[Opening Data shown section]
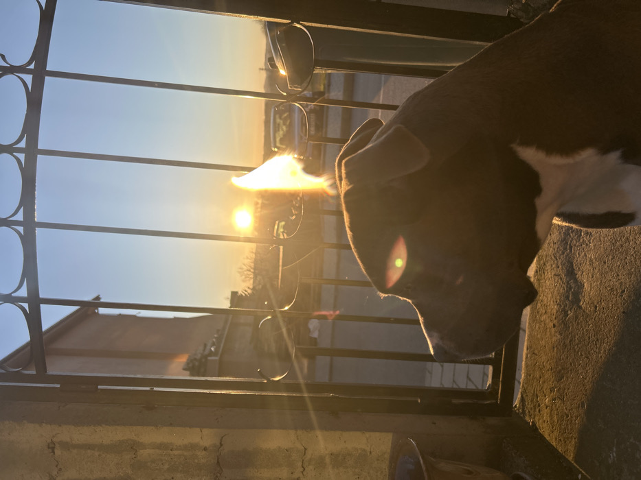 The scene depicts a dark-furred dog, possibly a Pitbull-type breed with white chest markings, positioned in the foreground at ground level in Aheloy, Bulgaria. The dog is facing left, with its right side illuminated by intense, low-angle sunlight, producing a strong lens flare over its right eye area. It is situated behind a dark metal gate consisting of vertical bars and decorative curved elements. Beyond the gate, a paved street or driveway is visible. A light-colored vehicle, possibly a car or van, is parked or driving on the paved surface. To the left, a multi-story building with reddish-brown exterior walls is discernible. The horizon features sparse, leafless vegetation. The sky is clear blue, transitioning to bright orange-yellow near the horizon, indicating either sunrise or sunset. The sun, a brilliant disc, is positioned in the upper middle-right of the frame, emitting strong light rays and a prominent vertical lens flare that passes through the gate. The immediate ground surface where the dog rests appears to be concrete or similar paving. A dark, circular object, possibly a pot or bowl, is visible on the ground to the far left. No human subjects are discernible.
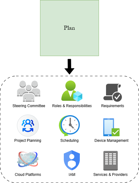 Stage 2: Plan oversees the preparation for implementing security controls to address the gaps identified in the previous stage. Planning starts by establishing a Steering Committee to ensure diverse input from all areas of the organization throughout the process of building the cybersecurity program. Roles and Responsibilities relating to cybersecurity also need to be identified to ensure stable structure in the organization. Afterwards, Stage 2 guides the organization to identify appropriate project management techniques and prepare the environment for the changes made in Stage 3. This involves comprehensive requirements gathering, scheduling of maintenance windows and blackout periods, and the creation of a staging environment to test security technologies before full implementation. After preparing the organization structure for the cybersecurity program, Stage 2 ends by presenting a variety of high-level solutions that should be considered to improve and modernize the organization's cybersecurity posture. These include embracing centralized Identity & Access Management, Identity Federation & Single Sign On across products, moving on-premises services to cloud platforms, and choosing between Workgroups, on-premises AD domains, and Mobile Device Management (MDM) for endpoint management. None of the technologies discussed in Stage 2 are required, but they are highly recommended to simplify digital resource management and make future improvements easier.
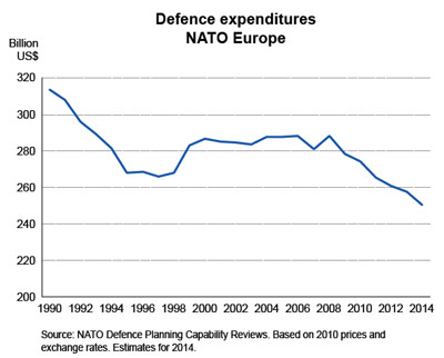 The pledge was needed because the amount of resources dedicated by Allies to defence has been on a steady decline since the end of the Cold War. In 1990, the 14 European Allies spent USD 314 billion on defence in real terms.2 By 2010, defence spending in NATO Europe had dropped to USD 275 billion, despite 12 additional European countries having joined the Alliance. In 2014, it is estimated that European members of NATO spent USD 250 billion on defence.
[Closing Data shown section]
— Task —
Repeat the lines above exactly, and keep every picture out.

— Result for this exercise —
 The scene depicts a dark-furred dog, possibly a Pitbull-type breed with white chest markings, positioned in the foreground at ground level in Aheloy, Bulgaria. The dog is facing left, with its right side illuminated by intense, low-angle sunlight, producing a strong lens flare over its right eye area. It is situated behind a dark metal gate consisting of vertical bars and decorative curved elements. Beyond the gate, a paved street or driveway is visible. A light-colored vehicle, possibly a car or van, is parked or driving on the paved surface. To the left, a multi-story building with reddish-brown exterior walls is discernible. The horizon features sparse, leafless vegetation. The sky is clear blue, transitioning to bright orange-yellow near the horizon, indicating either sunrise or sunset. The sun, a brilliant disc, is positioned in the upper middle-right of the frame, emitting strong light rays and a prominent vertical lens flare that passes through the gate. The immediate ground surface where the dog rests appears to be concrete or similar paving. A dark, circular object, possibly a pot or bowl, is visible on the ground to the far left. No human subjects are discernible.
 Stage 2: Plan oversees the preparation for implementing security controls to address the gaps identified in the previous stage. Planning starts by establishing a Steering Committee to ensure diverse input from all areas of the organization throughout the process of building the cybersecurity program. Roles and Responsibilities relating to cybersecurity also need to be identified to ensure stable structure in the organization. Afterwards, Stage 2 guides the organization to identify appropriate project management techniques and prepare the environment for the changes made in Stage 3. This involves comprehensive requirements gathering, scheduling of maintenance windows and blackout periods, and the creation of a staging environment to test security technologies before full implementation. After preparing the organization structure for the cybersecurity program, Stage 2 ends by presenting a variety of high-level solutions that should be considered to improve and modernize the organization's cybersecurity posture. These include embracing centralized Identity & Access Management, Identity Federation & Single Sign On across products, moving on-premises services to cloud platforms, and choosing between Workgroups, on-premises AD domains, and Mobile Device Management (MDM) for endpoint management. None of the technologies discussed in Stage 2 are required, but they are highly recommended to simplify digital resource management and make future improvements easier.
 The pledge was needed because the amount of resources dedicated by Allies to defence has been on a steady decline since the end of the Cold War. In 1990, the 14 European Allies spent USD 314 billion on defence in real terms.2 By 2010, defence spending in NATO Europe had dropped to USD 275 billion, despite 12 additional European countries having joined the Alliance. In 2014, it is estimated that European members of NATO spent USD 250 billion on defence.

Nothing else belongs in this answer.